Throughout the whole movie the viewer feels as though they're in the dark on some matters. It seems like the plot is always one step ahead of what you may be thinking and that there is no way to catch up. They always have a plan coming and the viewer is left to struggle along as though a car is dragging them attached to a rope through loopholes and bumps in the road. While this may sound unpleasant, I would caution potential viewers to give it a chance and survive the frustration, because it is very rewarding. The feeling of mystery makes your heart pound in a thrilling way and creates a completely new genre for films with very few members. The first time through it is definitely more confusing then necessary, but watching it multiple times increases the clarity and comprehension.
The clothing selections in the film make the viewer feel like a fly on the wall at a classy, upscale party. Aside from his brief stint in prison, Ocean is never seen without a crisp, expensive black suit and his cohorts are all in suits and ties. Since the heist takes place the night of a big boxing fight, the women are in long ball gowns and men in suits and tuxedos. The clothing takes away any notion of grunge that could be associated with con artist and thieves and replaces it with a look of intelligence that almost commands respect. The suaveness makes the viewer like Ocean and feel badly for him that his wife left him, even though it was completely his fault.
The casino look is completed with the high rollers in tuxes, the dealers in shiny red and gold, and the other gamblers in tacky trying-to-impress clothing.
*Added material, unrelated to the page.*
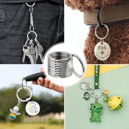 SAKDWUR - حلقة مفاتيح شديدة التحمل 1 انش/25 ملم من ساكدور - 10 قطع من حلقات المفاتيح الدائرية المقسمة، حلقة مفاتيح من الستانلس ستيل، حلقات سلسلة مفاتيح، حلقات مفاتيح لمفاتيح السيارة، حلقات مفاتيح بالجملة، حبل تعليق على شكل كلب يمكنك تركيبه بنفسك
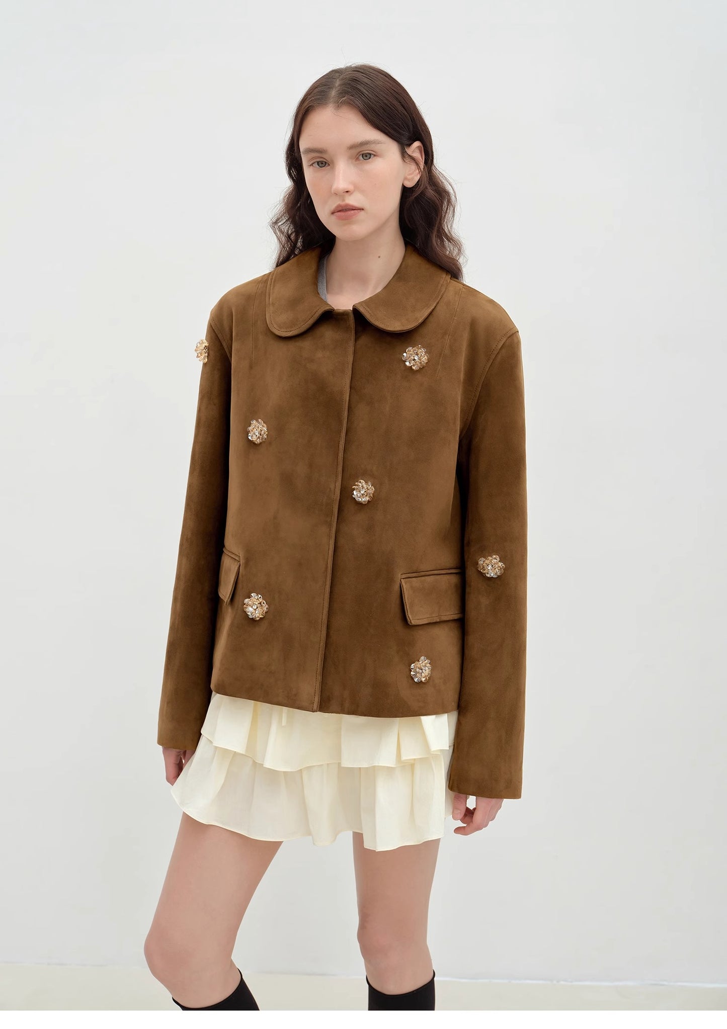 "Velour" high-grade beaded suede leather short leather jacket for women

Outfits are even used as disguises throughout whether it's as a casino board member, a hotel staff, or a S.W.A.T team member. It's clear that the costumes were carefully chosen in order to convey the feeling of class.
In this film, the costumes make the setting and set the mood for the film rather than the other way around. They could be in a slimy basement crawling with bugs, but dressed in their suave attire and slick hair, it would look like the Plaza. The mood is created by the costumes as well, since they look like respectable men who are almost too intelligent.